Optimal L3 Forwarding with VARP and Active/Active VRRP

Wednesday, May 29, 2013 07:14 +0200

Optimal L3 Forwarding with VARP and Active/Active VRRP

I’ve blogged about the need for optimal L3 forwarding across the whole data center in 2012 when I introduced it as one of the interesting requirements in Data Center Fabrics webinar. Years later, the concept became one of the cornerstones of modern EVPN fabrics, but there are still only a few companies that can deliver this functionality in a more traditional environment.

Fabric solutions that appear as a single system to the outside world usually offer optimal L3 forwarding. These solutions include:

Stacking ToR switches and other similar solutions, including HP IRF and Juniper’s Virtual Chassis) definitely fall in this category (note: using stacked switches or virtual chassis architectures with ring-based interconnect in environments with heavy east-west traffic is NOT a good idea);
Other architectures that present the whole fabric as a single layer-3 entity like Juniper’s QFabric (now mostly obsolete).

While optimal L3 forwarding with anycast first-hop gateways became a table stake for EVPN implementations, and most vendors offer active/active first-hop gateways in MLAG clusters, there are only a few companies I’m aware of that can implement anycast gateways across a traditional layer-2 fabric: Arista with Virtual ARP, Cumulus Linux with Virtual Router Redundancy, and Enterasys (now Extreme) with Fabric Routing.

Arista’s Virtual ARP is extremely simple¹ – it’s like VRRP without VRRP. You have to configure the same IP address (first-hop gateway) on a VLAN interface of all ToR switches with ip virtual-router address configuration command and associate a MAC address with the shared IP address with the ip virtual-router mac-address interface configuration command.

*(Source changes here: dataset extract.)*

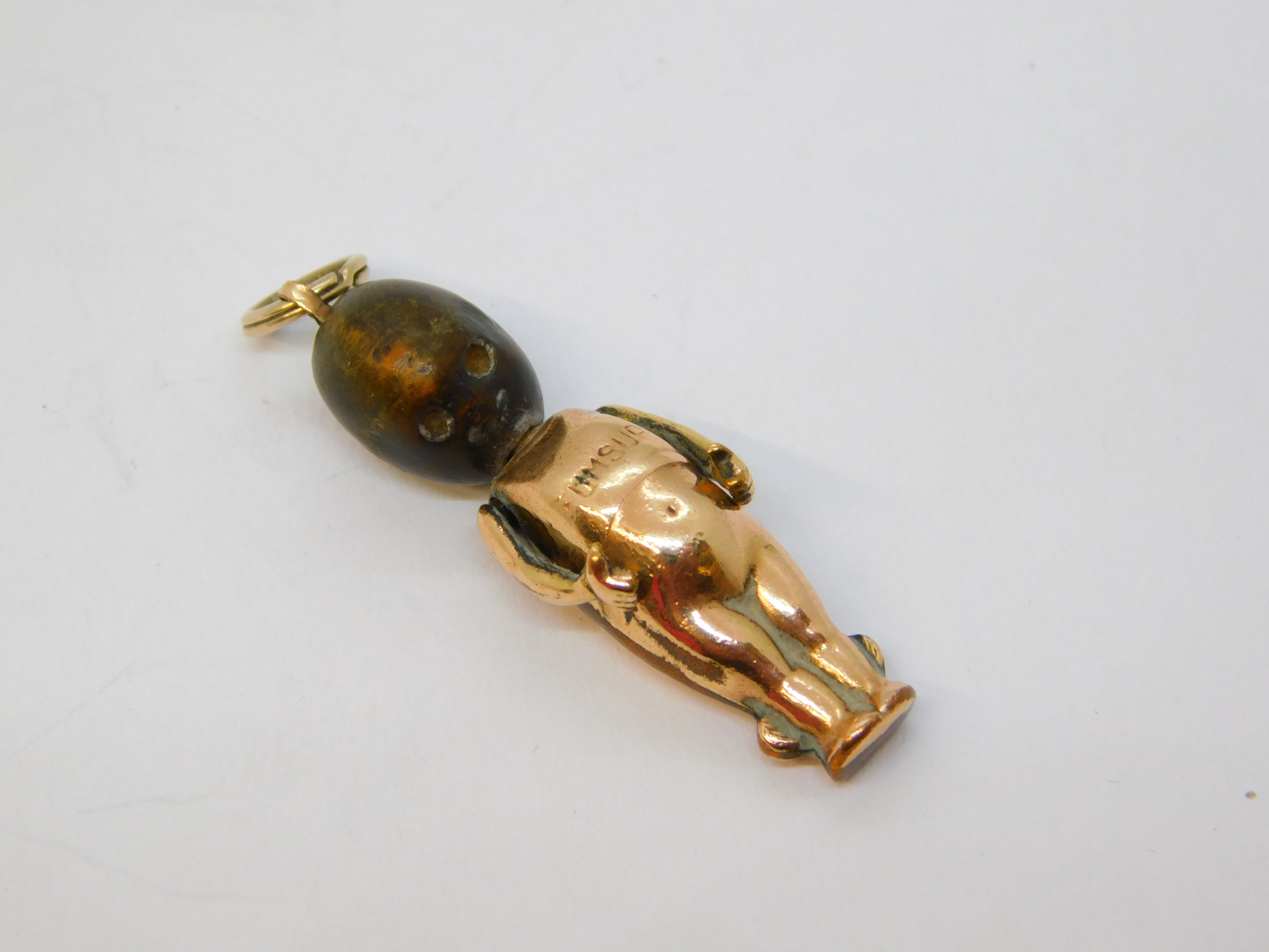WW1-era 9ct Gold Cased, Wood 'Touch Wud, Fumsup' Charm Pendant Antique c1914

The first switch that is hit with an ARP request for the shared virtual IP address will reply with the shared MAC address (I’m not sure about the details – it might well be that the ARP broadcast gets flooded to all switches, in which case the sender gets numerous replies). When a host sends an IP packet to that same shared MAC address, the first ToR switch that the packet hits intercepts the packet (because it’s listening to the shared MAC address), and performs L3 routing.

Things might get nasty if you have configuration mismatches – for example, missing ip virtual-router address configuration on one of the ToR switches. Make sure you use some sort of automation or orchestration system to configure the ToR switches.

Revision History

2023-02-01

Removed mentions of obsolete products/startups.
Added a mention of Cumulus Linux VRR.
Added a link to VARP deep dive blog post

Cumulus Linux Virtual Router Redundancy is functionally equivalent to Arista’s Virtual ARP. ↩︎

Latest blog posts in Anycast Resources series

Recent posts in the same categories

data center

ARP

fabric

14 comments:

Kaj J. Niemi 29 May 2013 08:24

does arista have something similar for ipv6 or is the trend for 2013 still to ignore the elephant in the room?

Replies

Anonymous 29 May 2013 10:41

Arista's VARP works with both IPv4 and IPv6.
(support was added in EOS 4.11.3 if you wanted to look back to where it appeared).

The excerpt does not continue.